REQUIRED ACTION
What you write should match, word for word, the lines from the one containing "万葉集などに古代より登場する" through the end of the data, with no pictures.

(Records from a data source)
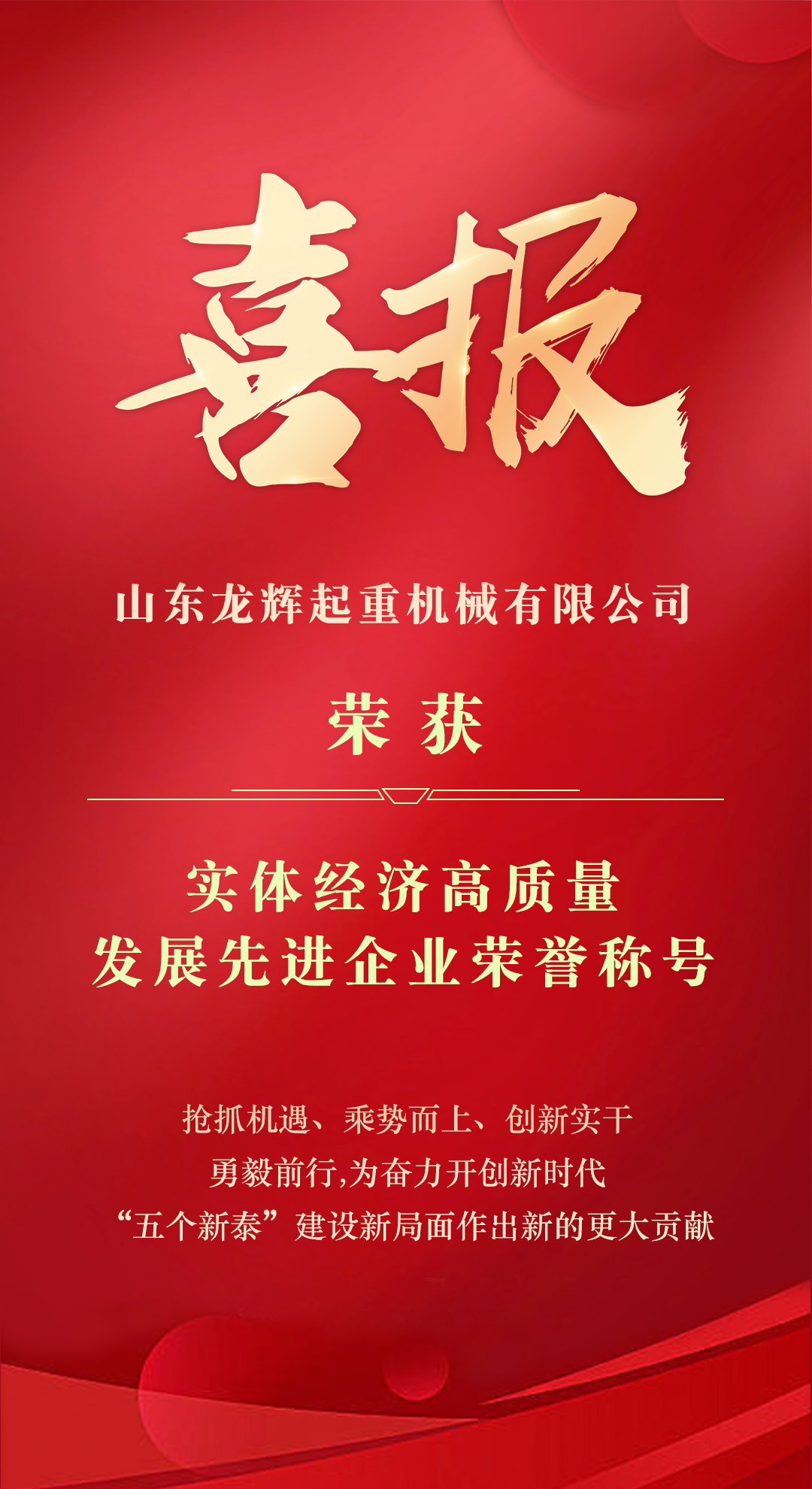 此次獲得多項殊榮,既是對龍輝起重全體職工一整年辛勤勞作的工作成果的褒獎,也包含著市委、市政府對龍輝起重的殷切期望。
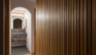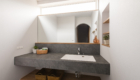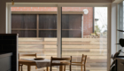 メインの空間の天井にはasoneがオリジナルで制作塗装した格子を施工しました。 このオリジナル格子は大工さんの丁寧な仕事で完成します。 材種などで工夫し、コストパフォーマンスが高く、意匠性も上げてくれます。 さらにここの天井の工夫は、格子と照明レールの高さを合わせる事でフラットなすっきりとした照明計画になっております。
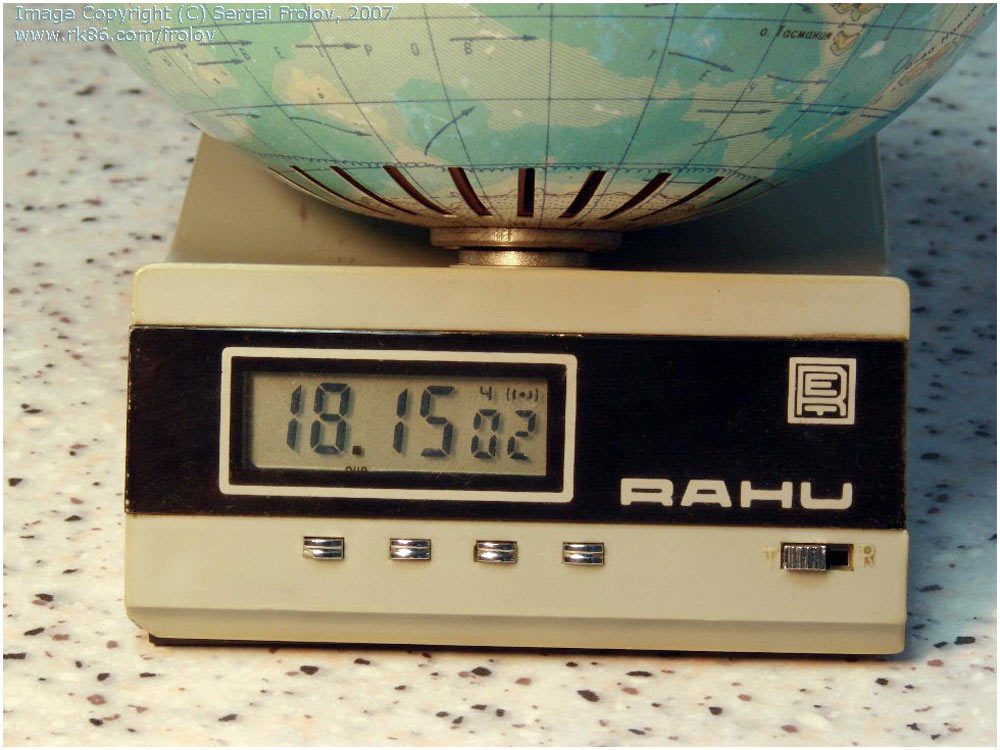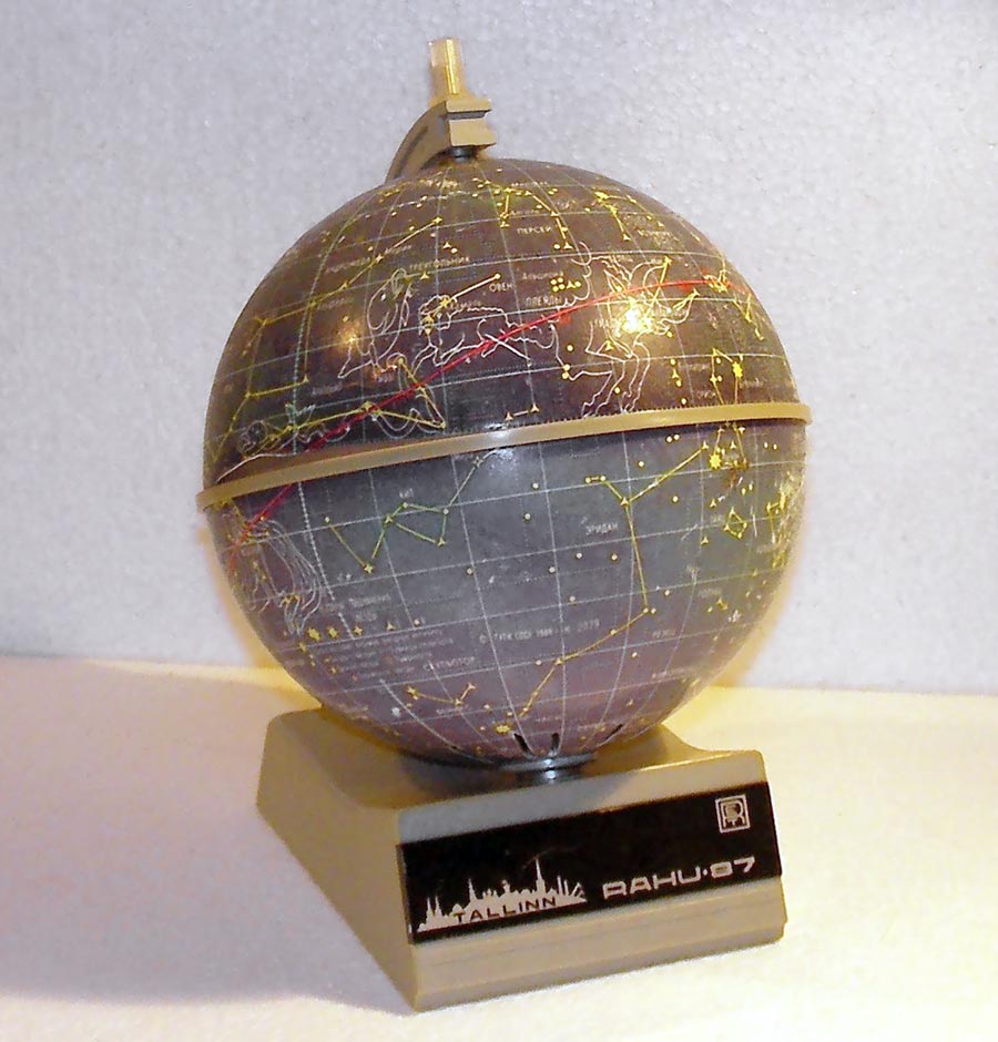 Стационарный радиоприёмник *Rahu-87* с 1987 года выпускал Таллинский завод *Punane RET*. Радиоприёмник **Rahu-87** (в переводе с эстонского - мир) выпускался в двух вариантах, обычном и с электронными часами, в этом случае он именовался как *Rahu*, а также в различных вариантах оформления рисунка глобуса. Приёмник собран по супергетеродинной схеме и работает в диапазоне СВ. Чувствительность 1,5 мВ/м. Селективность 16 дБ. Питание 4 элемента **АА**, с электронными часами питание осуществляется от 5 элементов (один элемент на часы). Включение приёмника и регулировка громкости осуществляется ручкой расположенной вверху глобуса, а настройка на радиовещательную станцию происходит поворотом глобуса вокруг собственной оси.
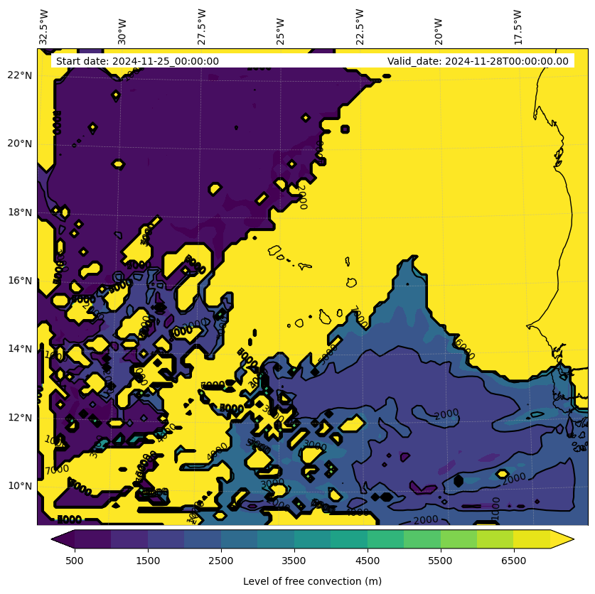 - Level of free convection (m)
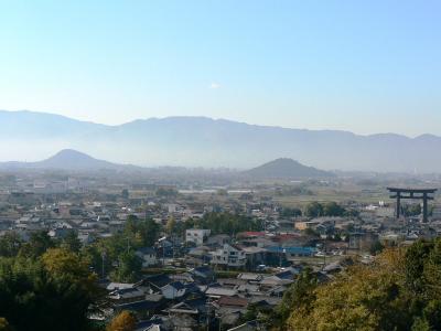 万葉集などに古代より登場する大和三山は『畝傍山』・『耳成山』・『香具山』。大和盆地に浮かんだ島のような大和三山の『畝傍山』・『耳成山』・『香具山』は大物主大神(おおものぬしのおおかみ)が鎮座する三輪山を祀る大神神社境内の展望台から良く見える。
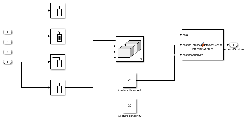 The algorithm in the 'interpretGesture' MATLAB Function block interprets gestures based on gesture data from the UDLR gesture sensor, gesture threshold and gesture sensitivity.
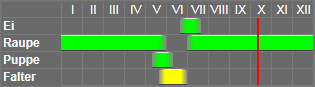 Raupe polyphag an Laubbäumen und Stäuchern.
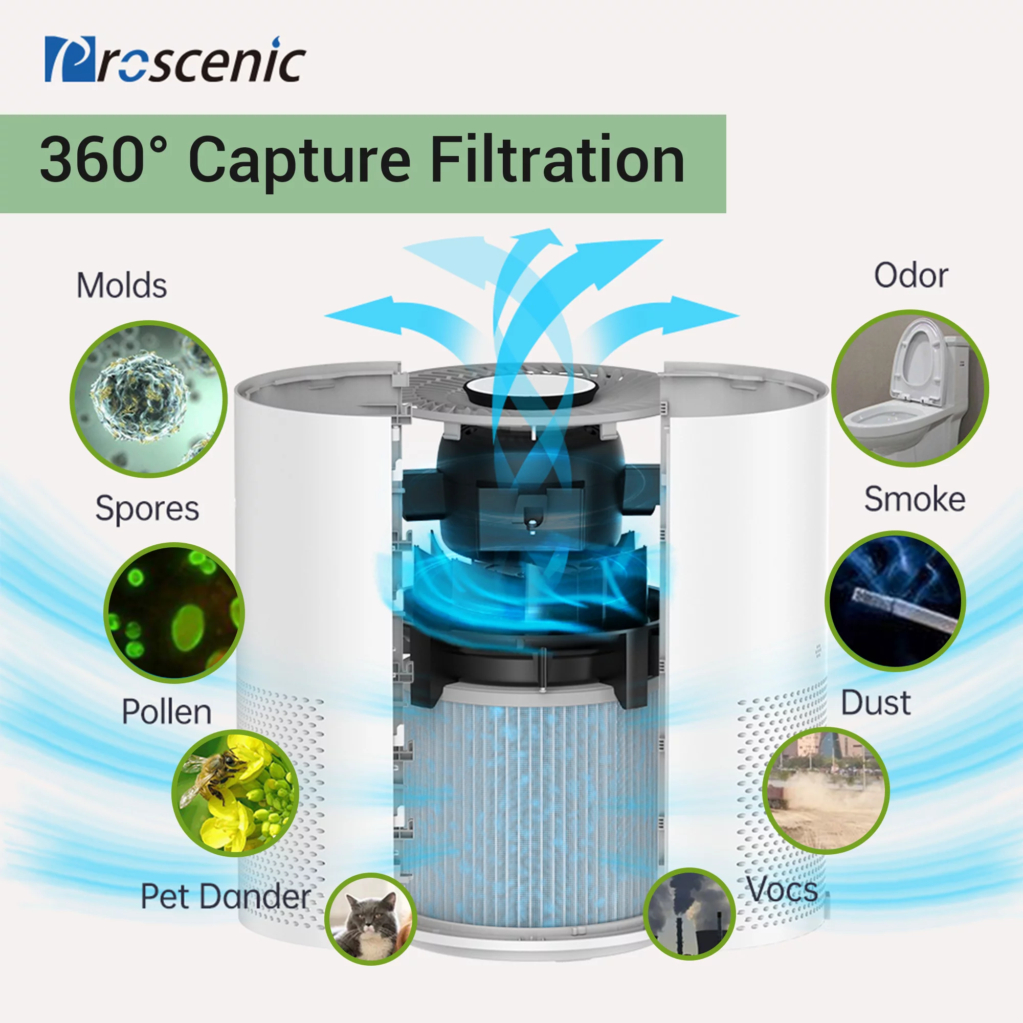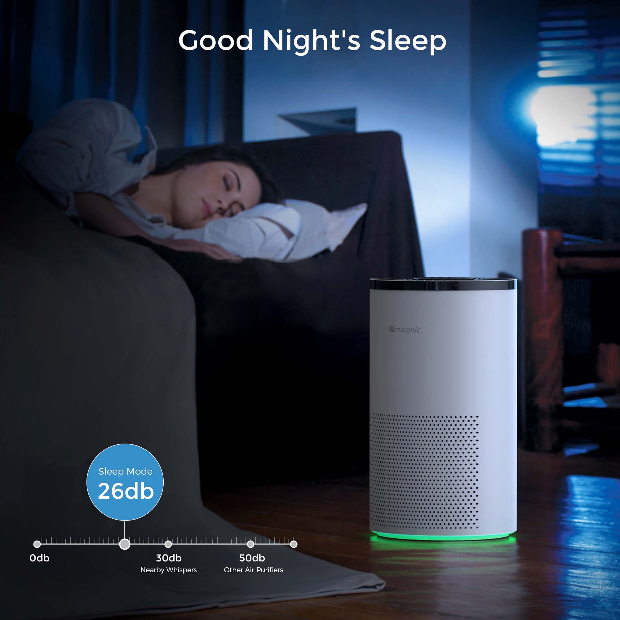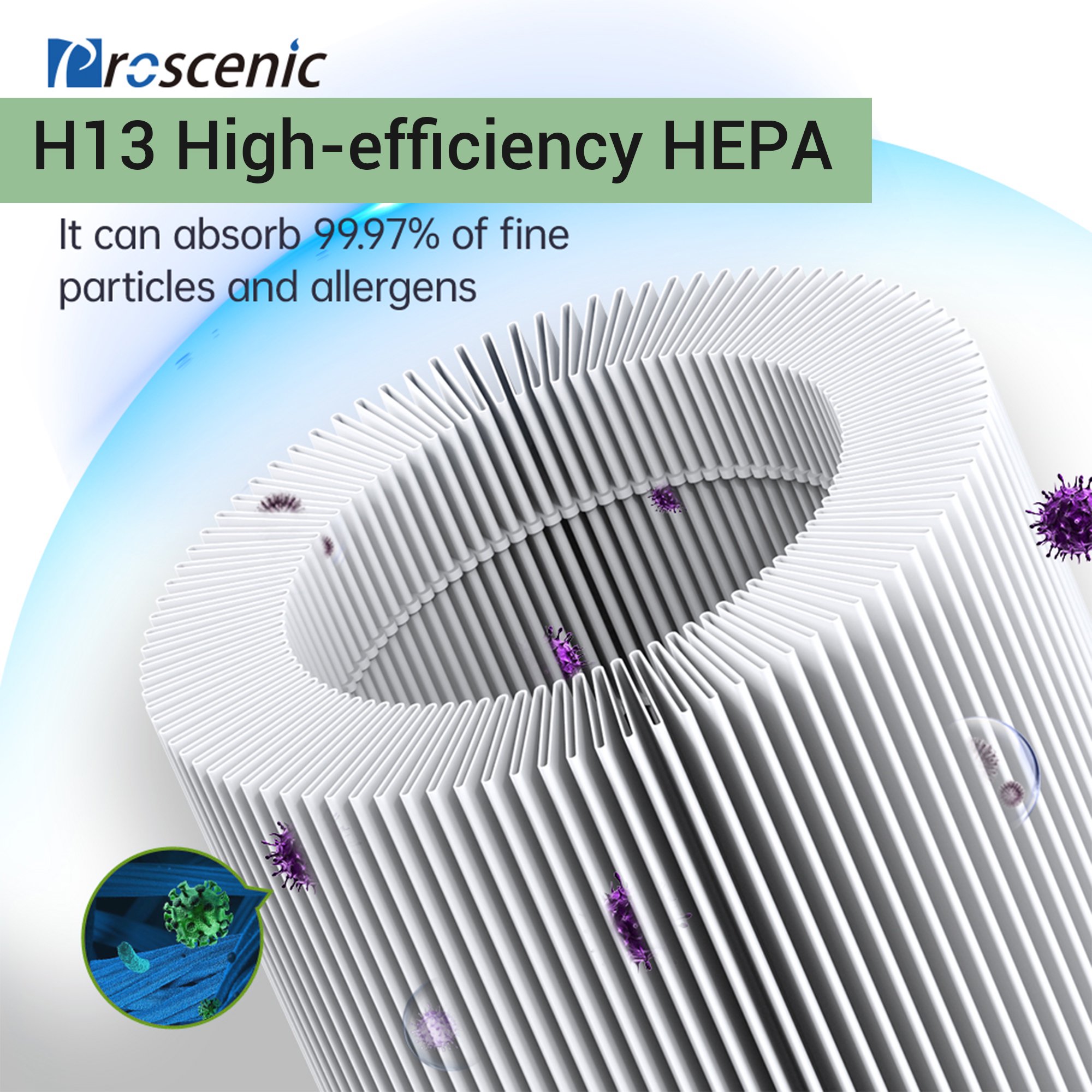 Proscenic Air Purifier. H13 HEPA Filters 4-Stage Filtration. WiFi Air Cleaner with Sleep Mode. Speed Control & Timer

ANSWER BOX
 万葉集などに古代より登場する大和三山は『畝傍山』・『耳成山』・『香具山』。大和盆地に浮かんだ島のような大和三山の『畝傍山』・『耳成山』・『香具山』は大物主大神(おおものぬしのおおかみ)が鎮座する三輪山を祀る大神神社境内の展望台から良く見える。
 The algorithm in the 'interpretGesture' MATLAB Function block interprets gestures based on gesture data from the UDLR gesture sensor, gesture threshold and gesture sensitivity.
 Raupe polyphag an Laubbäumen und Stäuchern.
 Proscenic Air Purifier. H13 HEPA Filters 4-Stage Filtration. WiFi Air Cleaner with Sleep Mode. Speed Control & Timer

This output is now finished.